Gray enters a crowded field of candidates with no obvious front-runner. Four D.C. councilmembers — Muriel Bowser, Jack Evans, Vincent Orange and Tommy Wells — are seeking the city’s highest office. Other Democratic candidates include former State Department official Reta Lewis and Iraqi-born restaurateur Andy Shallal.
“I’m disappointed,” Wells said of Gray’s decision to run. “I’d really hoped that we could turn the page on corruption in our elected government. The fact that Vince Gray won the election with a crooked campaign, he’s never explained to the public how that happened and what his role was.”
Bowser said she was convinced that “residents of the District of Columbia want a fresh start.”
Orange, who has clashed with Gray over compensation for low-wage workers, said voters have a clear choice.
“The major distinction is, I will leave no one behind,” Orange said. “The mayor has made clear that he’s pro-business at any cost.”
While the Democratic primary winner has gone on to be elected mayor in every election since the district was granted home rule in 1973, next year’s winner could face a credible general-election challenger. Independent Councilmember David Catania, who has not lost an election since he won his seat in 1997, is considering a run. As chairman of the council’s education committee, Catania has pushed ambitious legislation aimed at improving conditions for impoverished students.

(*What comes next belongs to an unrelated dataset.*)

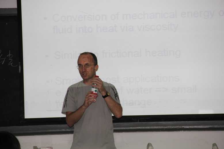 Jonathan Wylie教授就一类在光学纤维和纺织工业制造过程中有着广泛用途的粘性线拉伸展开讨论,介绍了粘性加热对粘性线拉伸的影响、辐射性热源给粘性线拉伸所带来的不稳定性,并通过分析一个渐进极限的Navier-Stokes模型提出一个描述这种不稳定性的本质并解释这种违反直觉的行为的理论。

The city has also never elected a white mayor. Evans, Wells and Catania are white. Fenty is biracial, and Gray, who is black, rode a wave of dissatisfaction with Fenty in the African-American community to victory in 2010.
A Washington native, Gray, 71, previously served as council chairman and a councilmember. He’s also run the city’s human services department and a faith-based group focusing on the homeless and at-risk youth.
Gray’s campaign manager, Thies, was not involved in his previous bid. He is a veteran of city politics who has run several campaigns, most recently D.C. Councilmember Jim Graham’s 2010 re-election bid. Since then, he has worked as a consultant and political commentator.